BEGIN Data supplied
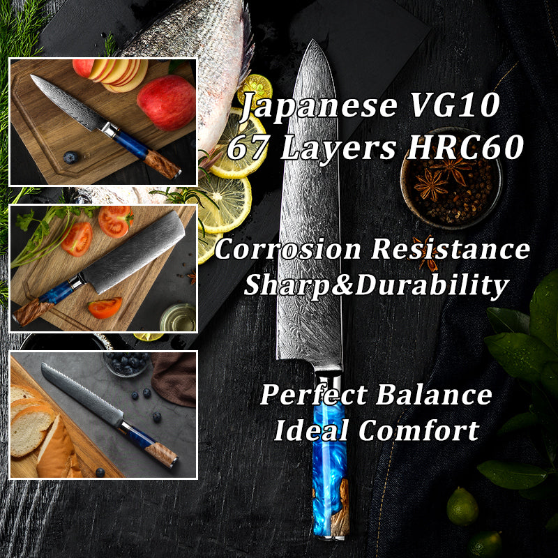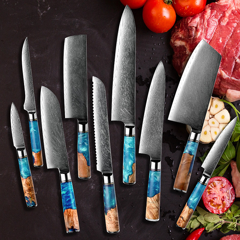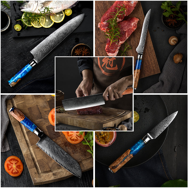 Damascus Kitchen Knives vg10 Japanese Stainless Steel Chef Santoku Cleaver Bread Utility Paring Boning Knife Cooking Tools
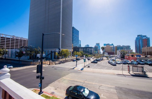 A vintage beauty surrounded by modern, luxury towers, you will enjoy this impeccably remodeled apartment. This unit is part of 4 restored Victorian buildings, and is artfully furnished with wood floors, king beds, Wi-Fi, flat screen TVs in living room and bedrooms, 2 bathrooms, and a kitchen. This unique suite has all the comforts of a hotel and all the charm of a boutique inn. Enjoy one of San Diego's most celebrated historic restorations.
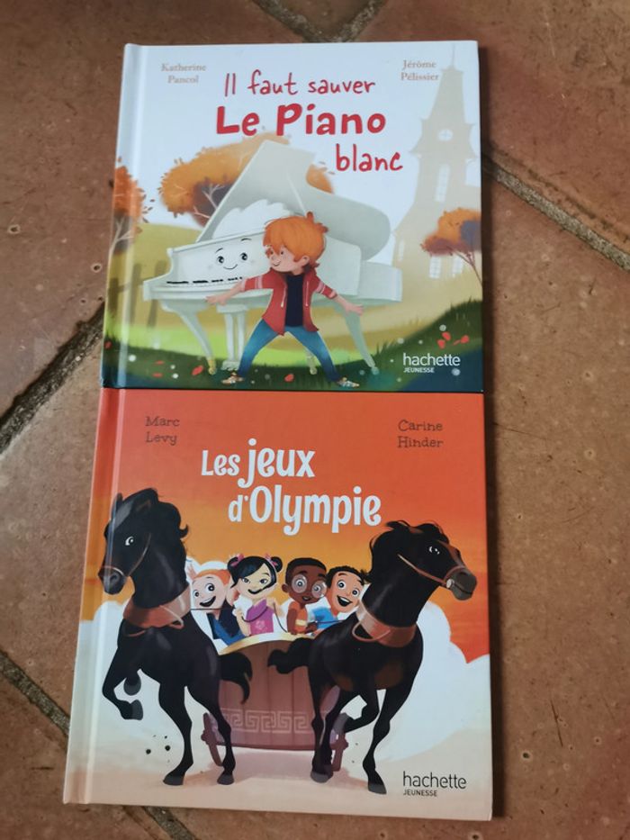 Lot de 2 livres neufs Hachette jeunesse, le lot comprend : 1. Les jeux d'Olumpie, Marc Levy et Carine Hinder, 2018. 2. Il faut sauver le piano blanc, Katherine Pancol et Jérôme Pélissier, 2019. Poids du lot 224g. Pensez à faire des lots afin de bénéficier des remises que j'ai régulièrement sur ma page. #lotdelivres #hachettejeunesse #petitslivres #marclevy #carinehinder #katherinepancol #jeromepelissier #livresneufs
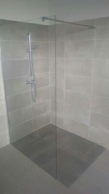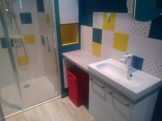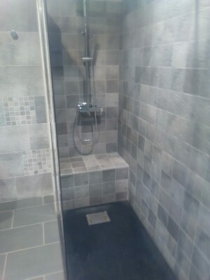 Fin des travaux transformation d’une chambre simple en suite parentale, douche italienne, robinetterie encastrable, lavabo ..
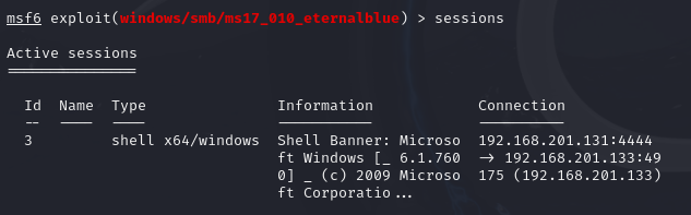 - 在kali上查看会话已经建立了,说明后门运行成功了
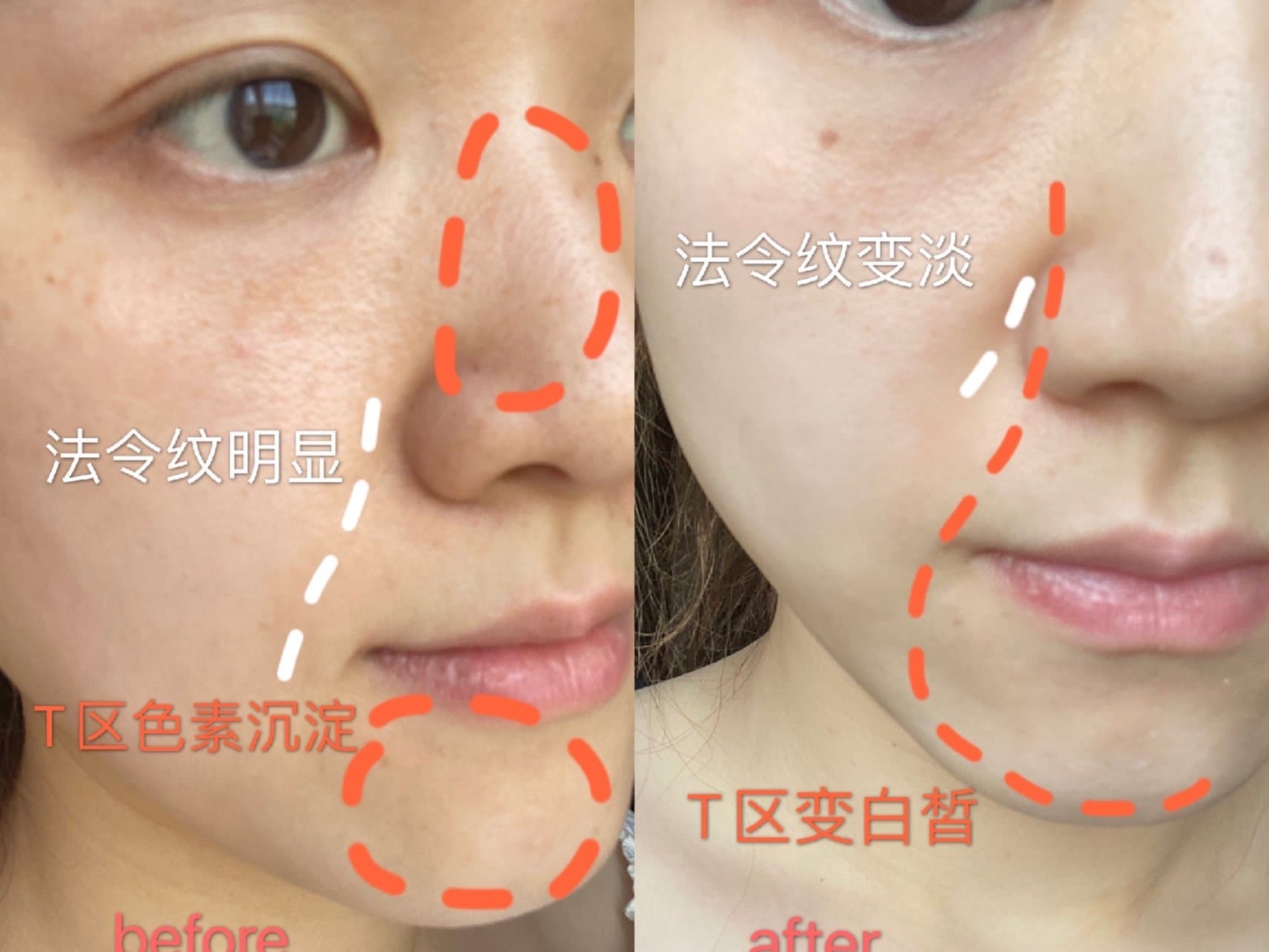 这半个多月下来,我是看到自己肌肤的明显变化 1.T区的暗沉减轻了很多,2.两颊线条也更紧致,整个肌肤有提升的感觉,3.而且摸着也更加细腻⭐⭐
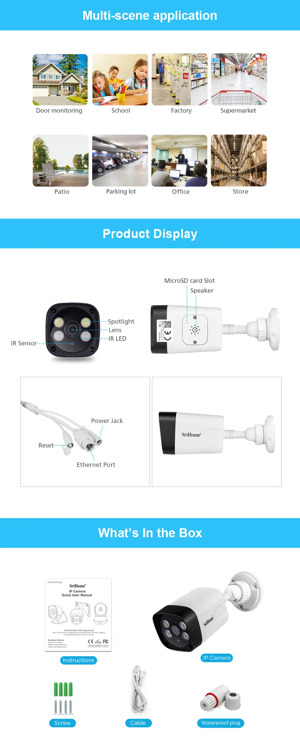 Sricam SH035 3.0MP WIFI IP камера POE мощность открытый водонепроницаемый полноцветный ночное видение Startlight H.265 мобильный Удаленный просмотр CCTV камера
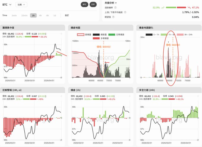 어젯밤부터 공매도(Short) 코인 집중도가 꾸준히 감소하고 있으며, 고래 투자자들의 움직임과 맞물려 고래들이 숏 포지션을 청산하려는 움직임을 보이고 있습니다. 공매도(Short) 커버링으로 촉발된 숏 커버링 열풍이 계속되고 있습니다... 🥸 실제 거래자 들의 마진콜 지도를 보면 68,300에서 69,000 사이의 선이 나타나는데, 이는 청산될 수 있는 공매도 포지션이 대량 의미하므로 주의해야 합니다!
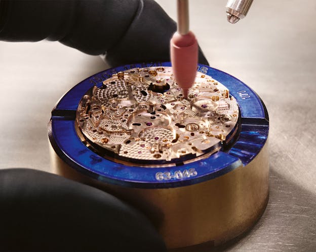 There has been a sort of reassessment of evaluating fine finishing in recent months among enthusiasts, propelled by the growing realization that it’s possible for CNC and other automated machine tools to produce consumer ready finished surfaces with little or no human intervention – and, moreover, that the idea that sharp internal corners, at least, cannot be machine made, turns out to be largely untrue. The consensus thus far is that if a brand is really hand finishing a movement, they’ll show you and Blancpain has showcased considerable handwork as the final stage in the creation of the Grande Double Sonnerie, prior to final assembly.
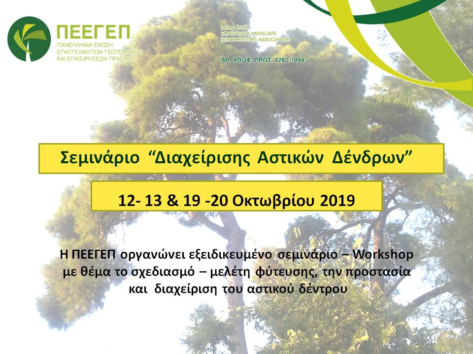 Το ΔΣ της Πανελλήνιας Ένωσης Επαγγελματιών Γεωτεχνικών και Επιχειρήσεων Πρασίνου (ΠΕΕΓΕΠ) εκτιμώντας την εξαιρετική σημασία που έχει για το Αστικό και Περιαστικό Πράσινο το Δένδρο σε όλες τις πτυχές του, από τον σχεδιασμό – μελέτη, την προστασία και διαχείριση του, αλλά ταυτόχρονα ενστερνιζόμενο ένα επίκαιρο αίτημα επιστημόνων επαγγελματιών που εμπλέκονται με το Αστικό Δένδρο, μελών της ΠΕΕΓΕΠ, αποφάσισε στην τελευταία του συνεδρία την διοργάνωση εξειδικευμένου σεμιναρίου για το Αστικό Δένδρο.
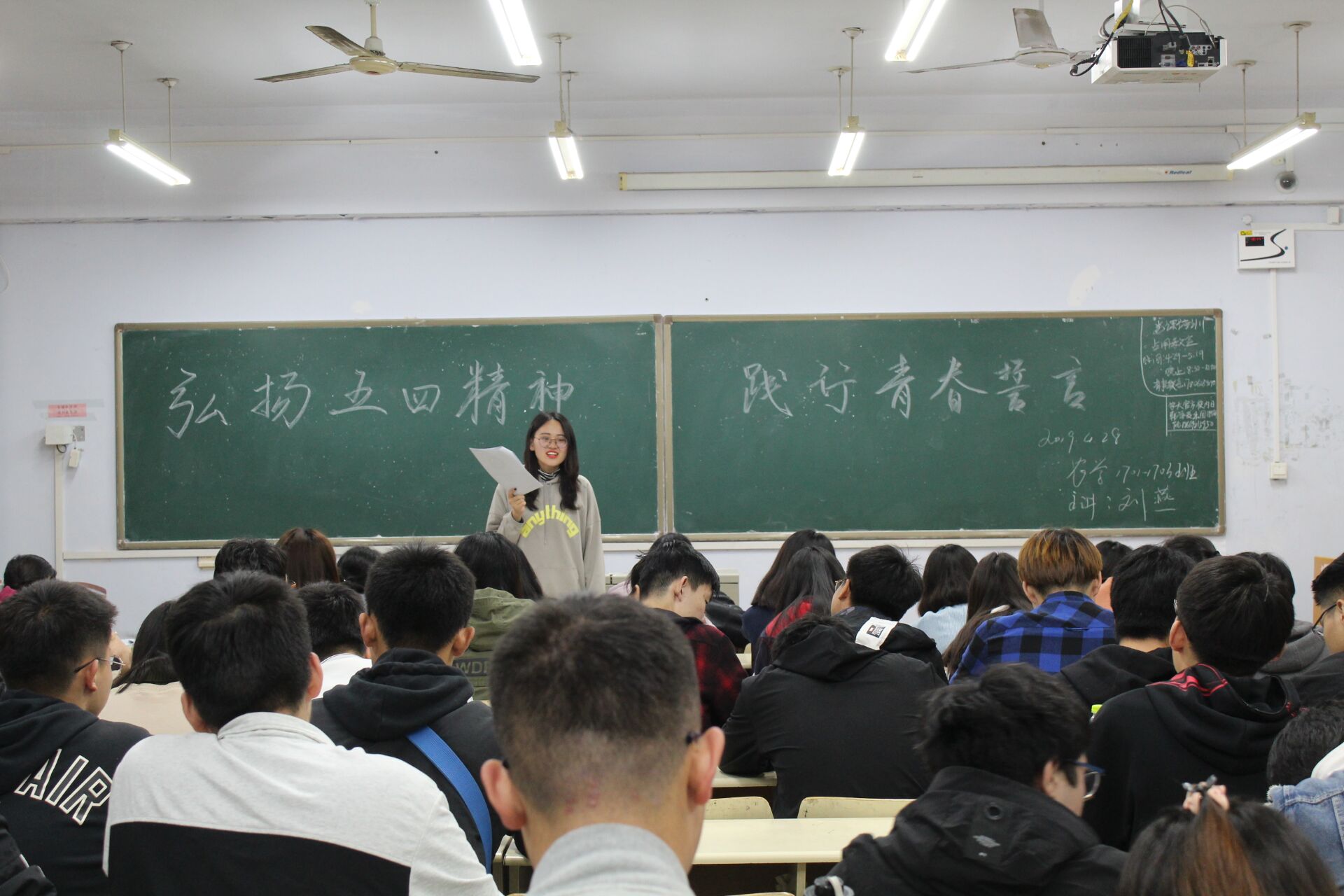 4月28日,皇冠welcome体育登录入口于教学区开展“弘扬五四精神,践行青春誓言”主题团课,旨在让同学们了解五四运动,弘扬五四精神。学院2017、2018级同学积极参加。
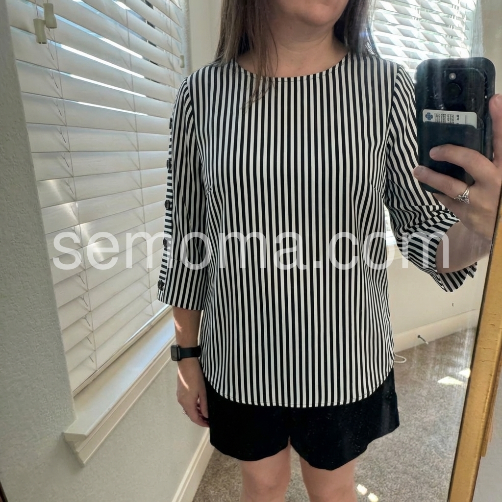 This vertical striped top features a relaxed fit with a round neckline. Three-quarter sleeves with button details and rolled cuffs. Lightweight fabric perfect for everyday wear. Ideal for pairing with jeans or trousers. Timeless and stylish design.
END Data supplied
→ Exercise brief: Start with the line above containing "- 在kali上查看会话已经建立了,说明后门运行成功了" and end with the line containing "어젯밤부터 공매도(Short) 코인". Set down that stretch exactly, without any pictures.

→ The answer:
 - 在kali上查看会话已经建立了,说明后门运行成功了
 这半个多月下来,我是看到自己肌肤的明显变化 1.T区的暗沉减轻了很多,2.两颊线条也更紧致,整个肌肤有提升的感觉,3.而且摸着也更加细腻⭐⭐
 Sricam SH035 3.0MP WIFI IP камера POE мощность открытый водонепроницаемый полноцветный ночное видение Startlight H.265 мобильный Удаленный просмотр CCTV камера
 어젯밤부터 공매도(Short) 코인 집중도가 꾸준히 감소하고 있으며, 고래 투자자들의 움직임과 맞물려 고래들이 숏 포지션을 청산하려는 움직임을 보이고 있습니다. 공매도(Short) 커버링으로 촉발된 숏 커버링 열풍이 계속되고 있습니다... 🥸 실제 거래자 들의 마진콜 지도를 보면 68,300에서 69,000 사이의 선이 나타나는데, 이는 청산될 수 있는 공매도 포지션이 대량 의미하므로 주의해야 합니다!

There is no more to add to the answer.